Телефонный коммутатор все гудел и гудел. Беспрерывно открывались клапаны бленкеров. Маленькие, смуглые открытые до плеч руки девушки быстро, но изящно и плавно бегали, как по клавишам рояля, по панели и рабочему столу коммутатора. Телефонистка звонко кричала в раструб микрофона:

— Второй! 0-45? Занято. Алло! Говорю — занято. Не отрывайте от работы, товарищ. Ах, это Владик? Минуточку. Говорите? Кончили? Владик, вызываю 0-45. Спасибо, Владик. А какая картина? «Бродяга?» Очень хорошо, обязательно буду. 0-45 отвечает. Соединяю. Алло! Второй. Вызываю…

Маше Челкинцевой очень нравилась работа телефонистки на узле связи военно-морского гарнизона. Работа ответственная, засекречена — не каждому доверят такой пост. К тому же здесь так хорошо относились к ней! «Маша, Машенька, Машута», — доносилось по проводам со всех концов гарнизона. Всем она нравилась. Никому не отдавая предпочтения, Маша со всеми поддерживала добрые отношения. Правда, с офицерами она была строга, не допускала фамильярности, руководствуясь правилом: с начальством нужно быть осторожней. Но с матросами Маша была проста и даже разрешала не слишком длинные неслужебные разговоры. Если ее приглашали в кино, парк или театр, она не отказывалась, но ввиду того, что приглашений было много, ей приходилось прибегать к маленькой хитрости. Все кинокартины и спектакли Маша делила на две категории: интересные и неинтересные. Только на «интересные» она и соглашалась идти. Ходила Маша и на танцы, чаще всего с Владимиром Ямпольским — Владиком — одним из элегантнейших матросов части.

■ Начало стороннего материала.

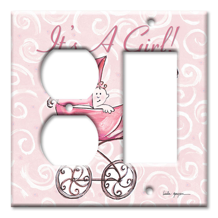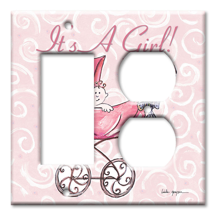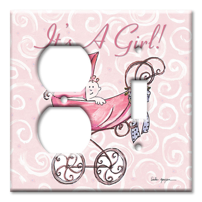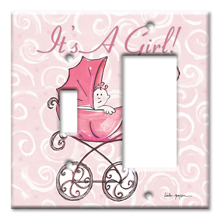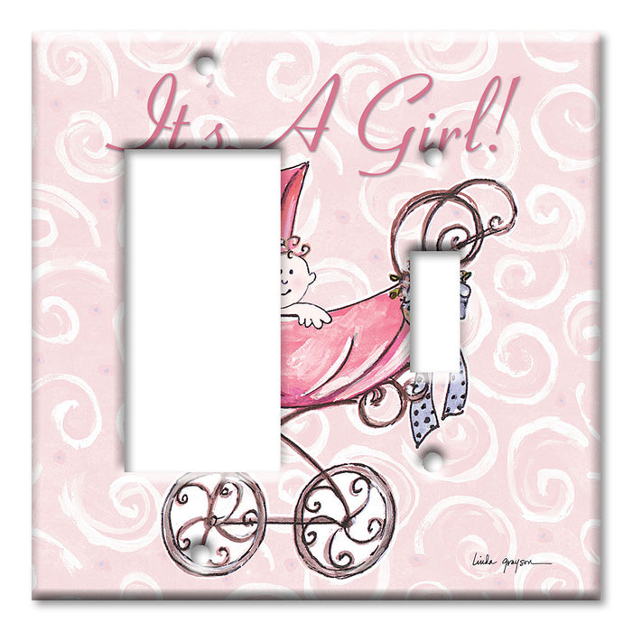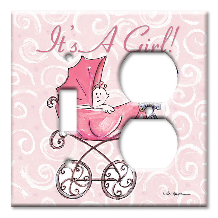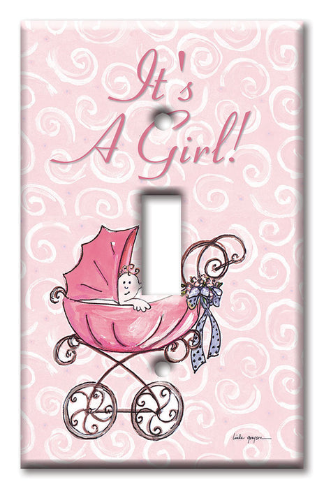 Decorative Printed Switch Plate - Electrical Switch Cover Wall Plate by Art Plates - It' A Girl: Carriage - 1 Gang Toggle

Маше Челкинцевой было двадцать лет. Маленькая, подвижная, она была очень привлекательной, «милой», как любил говорить Ямпольский. На работу Маша являлась всегда с букетом синих и голубых цветов, подобранных, должно быть, под цвет моря. Получить цветочек из этого букета никому, кроме Ямпольского, не удавалось.

Матрос Ямпольский настойчивее и, кажется, успешнее других добивался дружбы Маши. Электрик-связист по специальности, он служил уже третий год и считал себя «старичком» во флоте. Был он высок ростом, строен. Лицо его украшали змейка черных усиков и узкие клинушки бакенбардов. Ходил Ямпольский плавно, чуть переваливаясь, подражая походке старых «морских волчков».

Первейшим качеством настоящего матроса Ямпольский считал умение лихо «оторвать» чечетку, сыграть на гитаре «сердцещипательное» танго, с шиком одеться «по-флотски», то есть удлинить концы ленточки и перешить бескозырку, сделав, как говорил он, из «гнезда» — «блин».

Службу, правда, нес сносно, особенно после основательной критики товарищей на одном из комсомольских собраний. Критику Ямпольский тогда признал, но в душе глубоко обиделся, замкнулся и решил доказать, что он и по службе не хуже других, а, может быть, даже и лучше.

Проворнее всех вскакивал он с койки по сигналу «подъем», первым становился в строй, безукоризненно приветствовал старших по званию, строго по уставу отвечал на все приказания…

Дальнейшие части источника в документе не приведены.